--- GIVEN DATA ---
[Start of Attachment]
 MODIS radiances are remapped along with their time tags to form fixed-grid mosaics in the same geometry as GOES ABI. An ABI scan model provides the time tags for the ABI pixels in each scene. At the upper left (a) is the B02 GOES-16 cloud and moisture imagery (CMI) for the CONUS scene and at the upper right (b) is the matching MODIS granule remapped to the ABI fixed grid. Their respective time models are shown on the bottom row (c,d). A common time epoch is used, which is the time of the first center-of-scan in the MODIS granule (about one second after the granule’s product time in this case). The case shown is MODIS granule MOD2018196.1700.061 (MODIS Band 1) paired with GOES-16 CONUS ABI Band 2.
[End of Attachment]
[Start of Attachment]
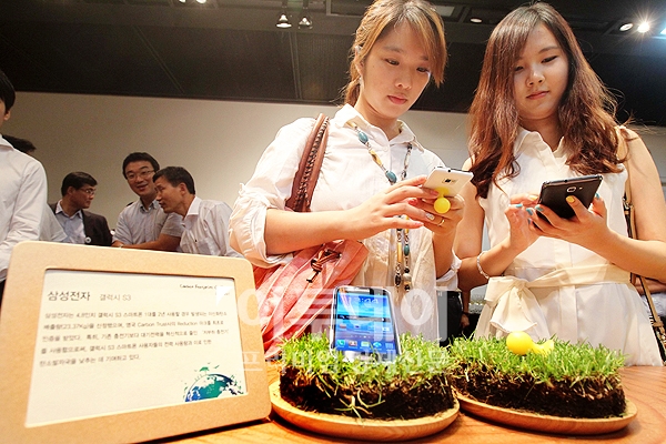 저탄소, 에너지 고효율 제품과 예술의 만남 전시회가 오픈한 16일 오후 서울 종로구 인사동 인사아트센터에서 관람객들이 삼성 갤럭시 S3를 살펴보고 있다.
[End of Attachment]
[Start of Attachment]
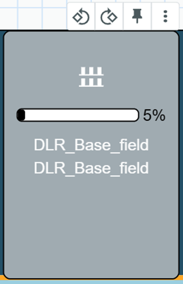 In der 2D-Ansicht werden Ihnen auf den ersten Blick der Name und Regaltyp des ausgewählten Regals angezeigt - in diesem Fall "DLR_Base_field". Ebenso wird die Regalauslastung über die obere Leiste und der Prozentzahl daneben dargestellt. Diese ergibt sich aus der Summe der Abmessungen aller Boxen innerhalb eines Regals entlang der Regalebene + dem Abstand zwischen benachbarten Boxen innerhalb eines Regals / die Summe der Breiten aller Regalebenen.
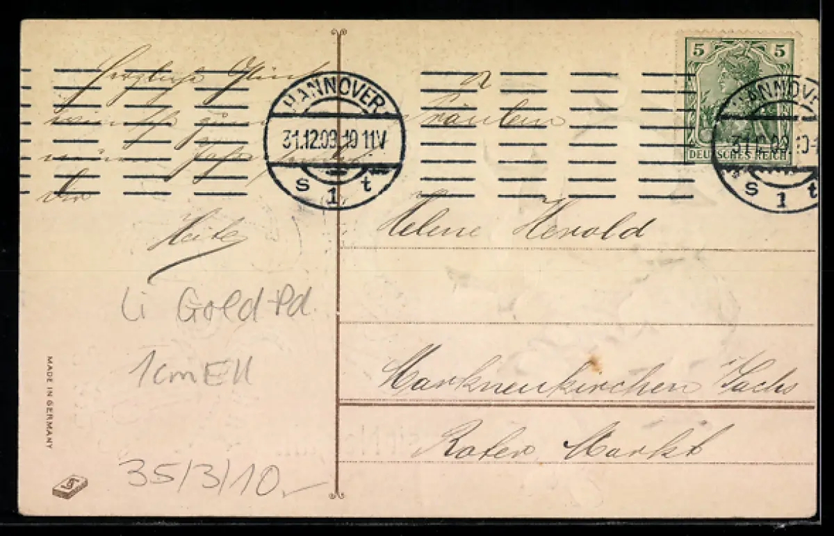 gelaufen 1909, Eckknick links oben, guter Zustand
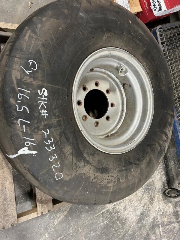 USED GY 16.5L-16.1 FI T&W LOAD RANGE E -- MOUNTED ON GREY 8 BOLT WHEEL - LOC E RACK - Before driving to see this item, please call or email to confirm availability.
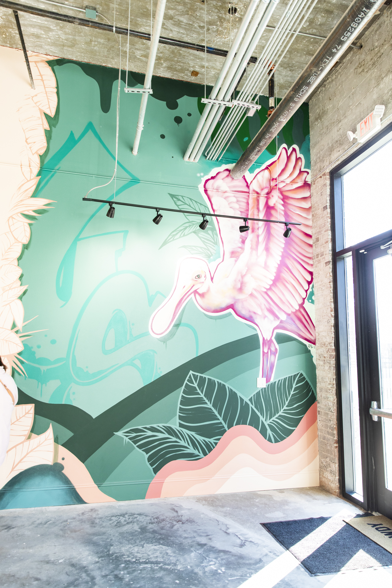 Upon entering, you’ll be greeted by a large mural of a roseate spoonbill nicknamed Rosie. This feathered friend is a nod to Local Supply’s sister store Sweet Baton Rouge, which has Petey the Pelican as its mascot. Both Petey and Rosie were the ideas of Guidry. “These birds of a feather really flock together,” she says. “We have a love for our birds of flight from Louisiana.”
[End of Attachment]
--- EXERCISE GOAL ---
Using the records above, return word for word the lines that begin at the one containing "gelaufen 1909, Eckknick" and end at the one containing "Upon entering, you’ll", both of them included and no pictures.

--- SOLUTION ---
 gelaufen 1909, Eckknick links oben, guter Zustand
 USED GY 16.5L-16.1 FI T&W LOAD RANGE E -- MOUNTED ON GREY 8 BOLT WHEEL - LOC E RACK - Before driving to see this item, please call or email to confirm availability.
 Upon entering, you’ll be greeted by a large mural of a roseate spoonbill nicknamed Rosie. This feathered friend is a nod to Local Supply’s sister store Sweet Baton Rouge, which has Petey the Pelican as its mascot. Both Petey and Rosie were the ideas of Guidry. “These birds of a feather really flock together,” she says. “We have a love for our birds of flight from Louisiana.”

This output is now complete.